The required answer is an exact copy of the lines from the one containing "人民日报旗下证券时报刊发《三" to the end of the listing, both included, without any pictures.

** SOURCE DATA **
----

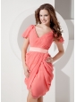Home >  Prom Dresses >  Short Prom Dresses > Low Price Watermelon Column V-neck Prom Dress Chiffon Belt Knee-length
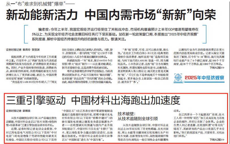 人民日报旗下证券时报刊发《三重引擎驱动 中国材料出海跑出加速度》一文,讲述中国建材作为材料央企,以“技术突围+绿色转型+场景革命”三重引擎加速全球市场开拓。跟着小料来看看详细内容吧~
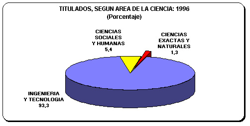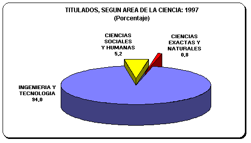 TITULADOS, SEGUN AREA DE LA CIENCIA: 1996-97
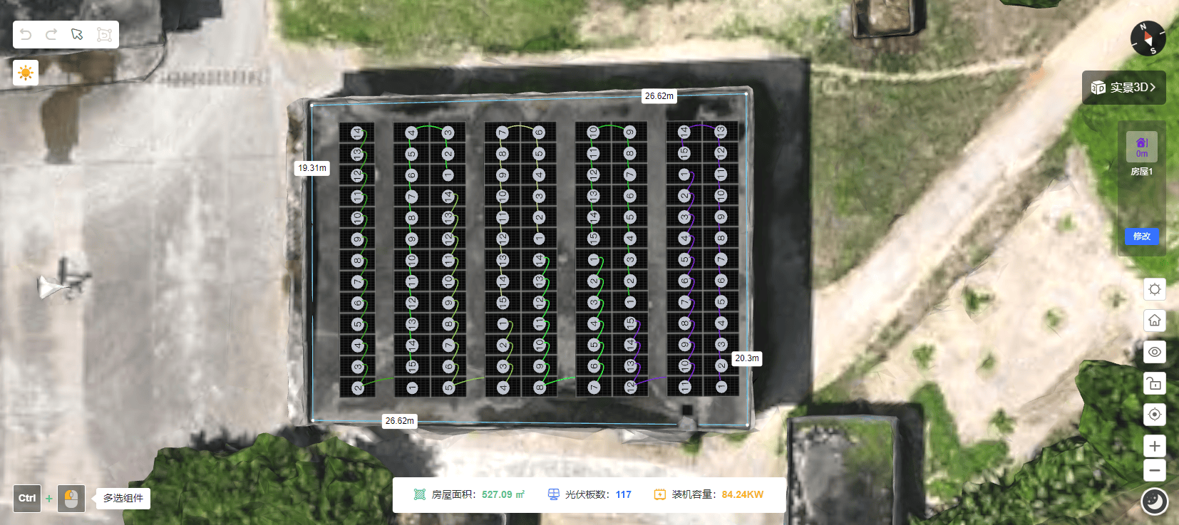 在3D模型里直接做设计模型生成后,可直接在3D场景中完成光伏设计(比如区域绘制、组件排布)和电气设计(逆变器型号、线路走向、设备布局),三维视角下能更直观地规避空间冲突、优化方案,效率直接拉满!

----

** ANSWER BOX **
 人民日报旗下证券时报刊发《三重引擎驱动 中国材料出海跑出加速度》一文,讲述中国建材作为材料央企,以“技术突围+绿色转型+场景革命”三重引擎加速全球市场开拓。跟着小料来看看详细内容吧~
 TITULADOS, SEGUN AREA DE LA CIENCIA: 1996-97
 在3D模型里直接做设计模型生成后,可直接在3D场景中完成光伏设计(比如区域绘制、组件排布)和电气设计(逆变器型号、线路走向、设备布局),三维视角下能更直观地规避空间冲突、优化方案,效率直接拉满!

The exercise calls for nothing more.